What the New Star Fox on Switch 2 Actually Is
The new Star Fox Switch 2 game is a full visual and technical remake of the Nintendo 64 space shooter, keeping its core rail-shooting design and level layouts while updating graphics, performance, and multiplayer systems for Nintendo’s latest hardware, so it feels both nostalgically familiar and convincingly modern to returning fans and new players. Based squarely on Star Fox 64, this Star Fox remake launches June 25 as a Nintendo Switch 2 exclusive title, putting it at the front of the Nintendo Switch 2 games lineup. Its campaign still follows Fox McCloud, Falco, Slippy, and Peppy as the Star Fox Mercenary Squad fighting Andross across the Lylat System, but now with 4K-style presentation, online and local co-op, and expanded competitive modes that make an old on-rails shooter feel suited to a connected console era.

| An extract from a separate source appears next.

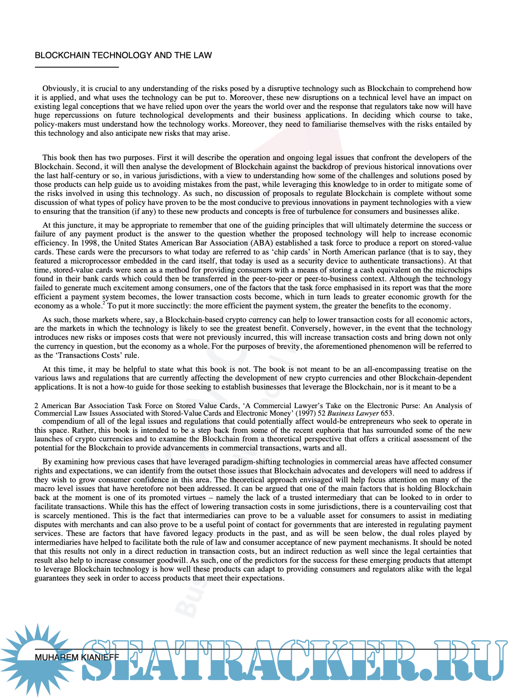 Year: 2019 Language: english Author: Muharem Kianieff Genre: Textbook Publisher: Informa Law Edition: 1st ISBN: 978-1-351039222 Format: PDF Quality: Scanned pages Pages count: 121 Description: This book has two purposes. First it will describe the operation and ongoing legal issues that confront the developers of the Blockchain. Second, it will then analyse the development of Blockchain against the backdrop of previous historical innovations over the last half-century or so, in various jurisdictions, with a view to understanding how some of the challenges and solutions posed by those products can help guide us to avoiding mistakes from the past, while leveraging this knowledge to in order to mitigate some of the risks involved in using this technology. As such, no discussion of proposals to regulate Blockchain is complete without some discussion of what types of policy have proven to be the most conducive to previous innovations in payment technologies with a view to ensuring that the transition (if any) to these new products and concepts is free of turbulence for consumers and businesses alike. Additional info: No index

Velan Studios Brings Knockout City Experience to a Legacy Series
The biggest surprise behind the Star Fox remake is who is making it. After the latest Nintendo Direct, Velan Studios revealed it is the development team collaborating with Nintendo on Star Fox for Switch 2. Known for Knockout City and the experimental Mario Kart Live: Home Circuit, Velan brings experience with fast, competitive action and custom technology. The studio confirmed that Star Fox runs on its proprietary VIPER engine at 60 FPS with all cinematics rendered in real time, which helps the game look and feel sharper than any earlier entry. This outside partnership hints at a broader Nintendo strategy: trusted external teams handling reinventions of classic series under close supervision. For Star Fox, that collaboration seems to be paying off, with early hands-on impressions describing a game that plays like Star Fox 64 while feeling made for new hardware rather than locked in the past.

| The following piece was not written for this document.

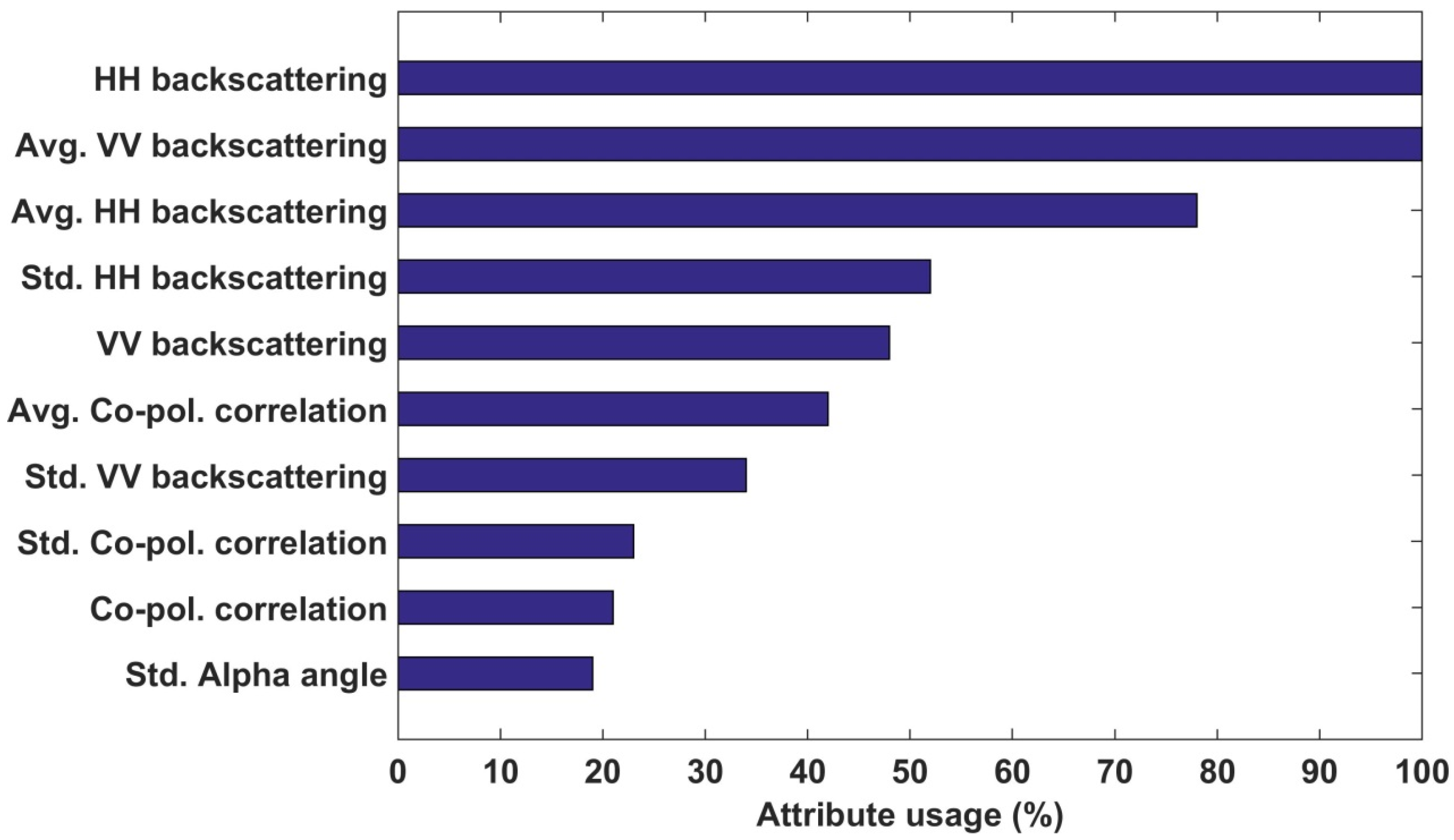 Attribute usage of the DT model that was developed using the polarimetric parameters and their texture features based on a 15 × 15 pixel window.

From N64 to 4K: How Visual Upgrades Beat Remake Fatigue
At first glance, another Star Fox 64-style outing sounded like remake fatigue. The Switch 2 demo changed that perception. Level layouts, enemy patterns, and even the famous Corneria and Meteos runs are almost one-to-one with the original, yet the 4K-style presentation and widescreen framing give every barrel roll and somersault new impact. Detailed Arwing models with moving panels, realistic shadows stretching over Corneria’s cities, and dense debris fields in Meteos make familiar routes feel fresh. Between missions, longer cutscenes aboard the Great Fox highlight expressive character models and animation that add personality without rewriting the story. According to PCMag’s demo report, the gameplay “still holds up,” so the visual overhaul is not a crutch but an amplifier. The remake works because it respects what already played well and uses Switch 2 power to make that experience look current rather than nostalgic-only.
Co-op, Online Dogfights, and Why the Demo Won Over Skeptics
The Switch 2 demo showed that new modes, not new story, are what modernize Star Fox. Campaign Mode now supports online and local co-op via GameShare, splitting roles between Pilot and Gunner. In practice, one player flies with a single Joy-Con while the other aims using mouse-style controls on the other Joy-Con 2, giving far quicker targeting than steering the ship alone. Challenge Mode adds replayable objectives to cleared stages, extending depth beyond simple score chasing. Classic Versus Mode is gone, but it is replaced by 4v4 online Battle Mode that pits Team Star Fox against Team Star Wolf across three stages, with local and online GameShare support and camera-driven avatars in GameChat. For many skeptical players, these layers made the familiar missions feel new enough to justify another run through Lylat on Switch 2.
What Star Fox’s Switch 2 Launch Says About Nintendo’s Strategy
Launching June 25 as a Nintendo exclusive launch window title for Switch 2, Star Fox sends a clear message about Nintendo’s plans for its new console generation. Rather than rushing out experimental reboots, the company is using careful remakes like this Star Fox project to keep classic brands active while the hardware finds its footing. The game shows how conservative design can coexist with meaningful modernization: Star Fox 64’s core survives intact, but 60 FPS performance, online systems, and GameShare support make it feel like a native Nintendo Switch 2 game instead of a nostalgia port. Velan’s involvement also suggests Nintendo is more willing to enlist external teams with proven technical chops to refresh older series. If this approach holds, Star Fox’s success could open the door for more legacy franchises to return in forms that look forward as much as they look back.